* **Supplied material**:

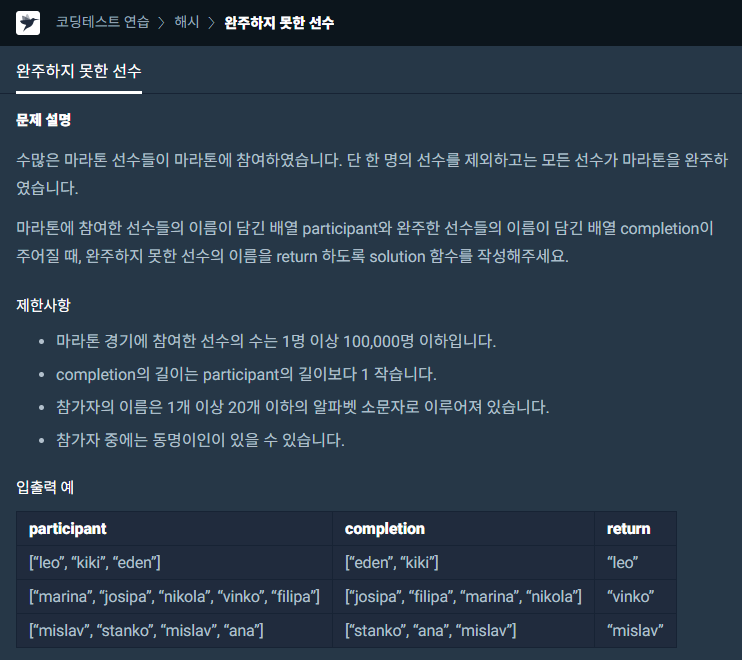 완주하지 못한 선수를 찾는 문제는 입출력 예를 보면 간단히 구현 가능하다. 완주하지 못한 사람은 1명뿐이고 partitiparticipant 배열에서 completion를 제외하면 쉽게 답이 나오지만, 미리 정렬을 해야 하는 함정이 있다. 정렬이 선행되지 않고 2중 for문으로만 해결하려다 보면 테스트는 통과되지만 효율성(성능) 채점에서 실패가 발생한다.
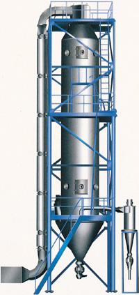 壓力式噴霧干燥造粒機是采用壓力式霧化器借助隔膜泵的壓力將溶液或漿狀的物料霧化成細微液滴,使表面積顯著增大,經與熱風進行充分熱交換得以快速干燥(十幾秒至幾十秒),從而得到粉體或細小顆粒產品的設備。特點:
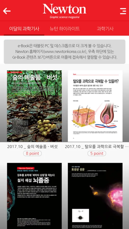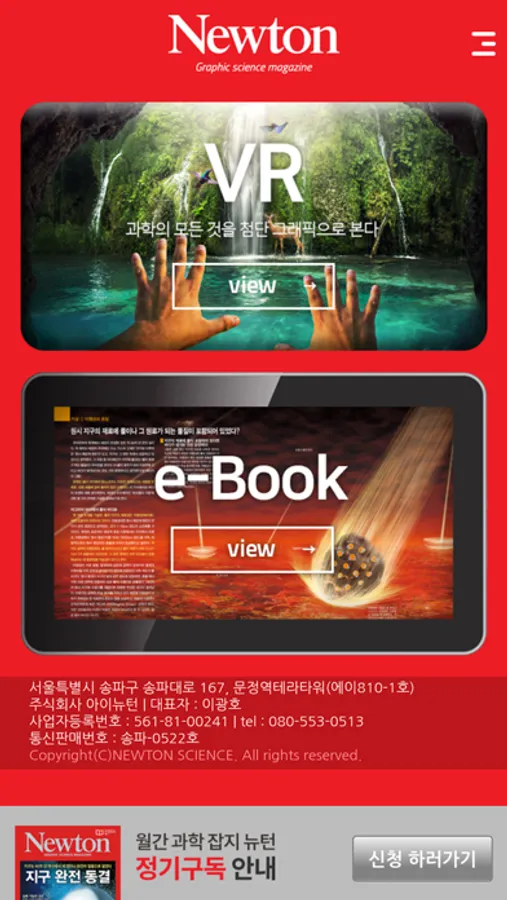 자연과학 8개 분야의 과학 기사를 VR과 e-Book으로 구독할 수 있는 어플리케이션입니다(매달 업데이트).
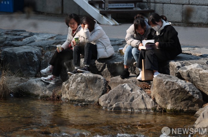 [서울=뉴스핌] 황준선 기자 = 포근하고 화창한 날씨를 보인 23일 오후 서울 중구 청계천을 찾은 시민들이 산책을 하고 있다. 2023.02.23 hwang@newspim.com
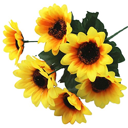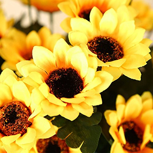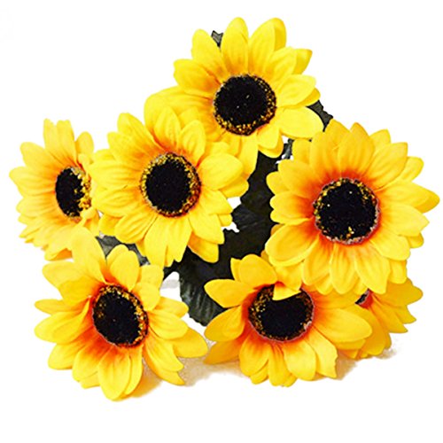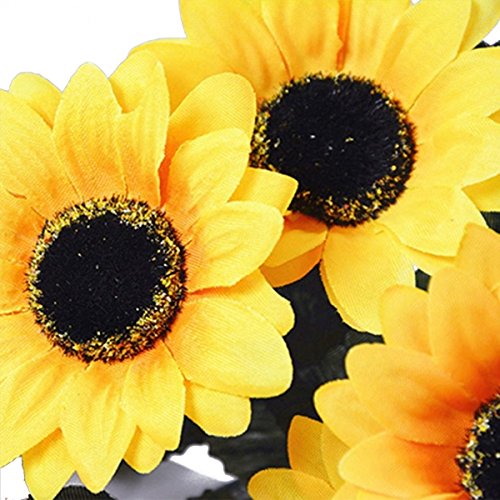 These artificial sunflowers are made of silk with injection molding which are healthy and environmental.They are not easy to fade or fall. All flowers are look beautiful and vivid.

* **Exercise objective**:
Retype all the data exactly. Omit pictures.

* **Answer below**:
 완주하지 못한 선수를 찾는 문제는 입출력 예를 보면 간단히 구현 가능하다. 완주하지 못한 사람은 1명뿐이고 partitiparticipant 배열에서 completion를 제외하면 쉽게 답이 나오지만, 미리 정렬을 해야 하는 함정이 있다. 정렬이 선행되지 않고 2중 for문으로만 해결하려다 보면 테스트는 통과되지만 효율성(성능) 채점에서 실패가 발생한다.
 壓力式噴霧干燥造粒機是采用壓力式霧化器借助隔膜泵的壓力將溶液或漿狀的物料霧化成細微液滴,使表面積顯著增大,經與熱風進行充分熱交換得以快速干燥(十幾秒至幾十秒),從而得到粉體或細小顆粒產品的設備。特點:
 자연과학 8개 분야의 과학 기사를 VR과 e-Book으로 구독할 수 있는 어플리케이션입니다(매달 업데이트).
 [서울=뉴스핌] 황준선 기자 = 포근하고 화창한 날씨를 보인 23일 오후 서울 중구 청계천을 찾은 시민들이 산책을 하고 있다. 2023.02.23 hwang@newspim.com
 These artificial sunflowers are made of silk with injection molding which are healthy and environmental.They are not easy to fade or fall. All flowers are look beautiful and vivid.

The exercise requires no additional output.